Sekolah Berstandar Internasional (SBI) di Kota Lhokseumawe Patut Dipertanyakan Efektivitasnya

Program SBI ini di lapangan ternyata menciptakan kesenjangan sosial pada siswa. Program SBI menjadikan sekolah yang mengikutinya menjadi eksklusif dan menciptakan kastanisasi karena hanya bisa dimasuki oleh anak-anak kalangan menengah ke atas. Tingginya pembiayaan yang dikenakan pada orang tua siswa membuat sekolah-sekolah SBI ini tidak dapat dimasuki oleh anak-anak dari kalangan bawah. Akibatnya terjadi kesenjangan sosial di sekolah. Sekolah publik yang biayai oleh rakyat melalui Negara tidak boleh berprilaku seperti sekolah swasta. Hal ini juga akan menimbulkan kekecewaan dan kemarahan dalam hati para orang tua kalangan bawah yang tidak mampu masuk ke dalam sekolah eksklusif ini. Mereka akan merasa sengaja dipinggirkan dalam sebuah sistem pendidikan yang dianggap ‘terbaik’ dan yang akan menjamin masa depan anak-anak mereka. Kekecewaan dan rasa frustrasi yang menumpuk akan dapat meledak jika telah mencapai kulminasinya juga.

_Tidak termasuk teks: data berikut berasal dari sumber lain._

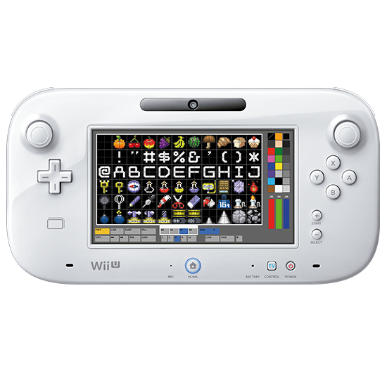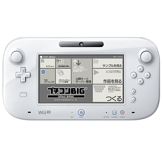 『プチコンBIG』専用の画面モードと命令が追加されているほか、最大854×480ドットの高解像度表示に対応し、セーブデータ領域は512MBまで使用可能。素材画像エリアも1024×1024に拡張され、WiiリモコンやGamePadを使ったWii U用の本格的な作品を開発することが可能です。
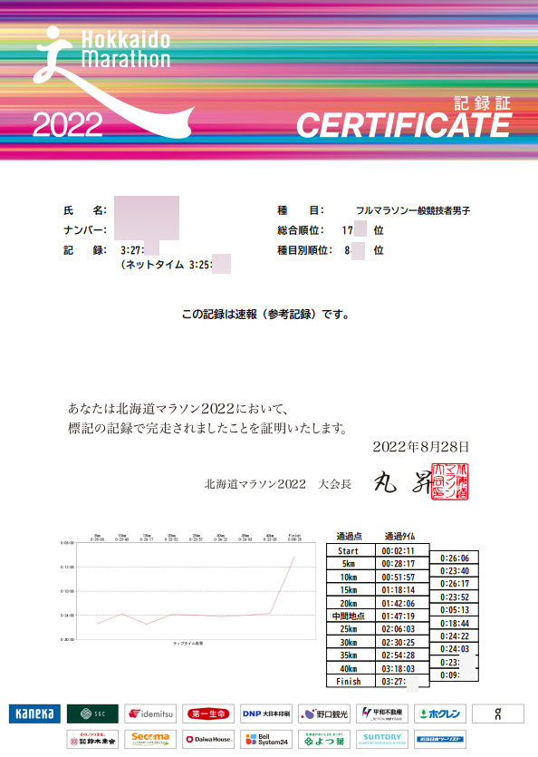 フルマラソンの自己ベストはおかやまマラソン2019の3時間40分台(ネットタイム)だったけど、結果は自己ベストの3時間27分台(グロスタイム)!ネットタイムは3時間25分台!目標のサブ3.5を達成!

Salah satu kritik terbesar tentang SBI ini adalah bahwa program ini telah memberi legitimasi kepada sekolah untuk melakukan komersialisasi pendidikan. Pendidikan diperdagangkan justru oleh pemerintah yang seharusnya memberikan pelayanan pendidikan kepada rakyatnya secara gratis dan juga bermutu. Komersialisasi pendidikan ini adalah pengkhianatan terhadap tujuan pendirian bangsa dan negara. Saat ini sekolah-sekolah publik RSBI bahkan telah menjadi lebih swasta dari swasta dalam memungut biaya pada masyarakat. Hampir semua sekolah RSBI menarik dana dari masyarakat dengan biaya tinggi yang sebenarnya sungguh tidak layak mengingat mereka adalah sekolah publik yang semestinya dibiayai sepenuhnya oleh pemerintah dan ‘haram’ sifatnya menjadi komersial. Seperti hasil dari investigasi yang telah kami lakukan pada salah satu sekolah negeri unggul di Kota Lhokseumawe, sebagai contoh SMA Negeri 1 Lhokseumawe yang mengutip biaya SPP/bulan sebesar Rp 150.000 belum lagi biaya pembangunan bagi siswa yang baru masuk sekolah yang mencapai jutaan rupiah. Ditingkat sekolah menengah juga tidak kalah ketinggalannya mengutip biaya SPP dengan jumlah selangit, seperti SMP Negeri 1 Lhokseumawe yang membebankan biaya SPP/bulan sebesar Rp 100.000.

Disisi lain aneh memang jika kita melihat Pemerintah telah menetapkan Wajib Belajar 9 Tahun sebagai programnya. Maka sebagai konsekuensinya semua pembiayaan pendidikan bagi siswa mulai dari pendidikan dasar maupun menengah harus dipenuhinya dan tidak boleh ada pungutan pada siswa. Pungutan pada orang tua siswa, meski melalui komite, adalah bertentangan dengan Undang-Undang Sisdiknas itu sendiri. Program SBI jelas salah konsep, tidak sesuai dengan semangat nasionalisme, dan tidak sesuai untuk semua kalangan. Pemerintah perlu mengembangkan sebuah standar pendidikan yang terbaik yang bisa dicapai oleh bangsa Aceh sendiri. Kita tidak memerlukan label ‘internasional’ untuk dapat bersaing dengan bangsa-bangsa lain.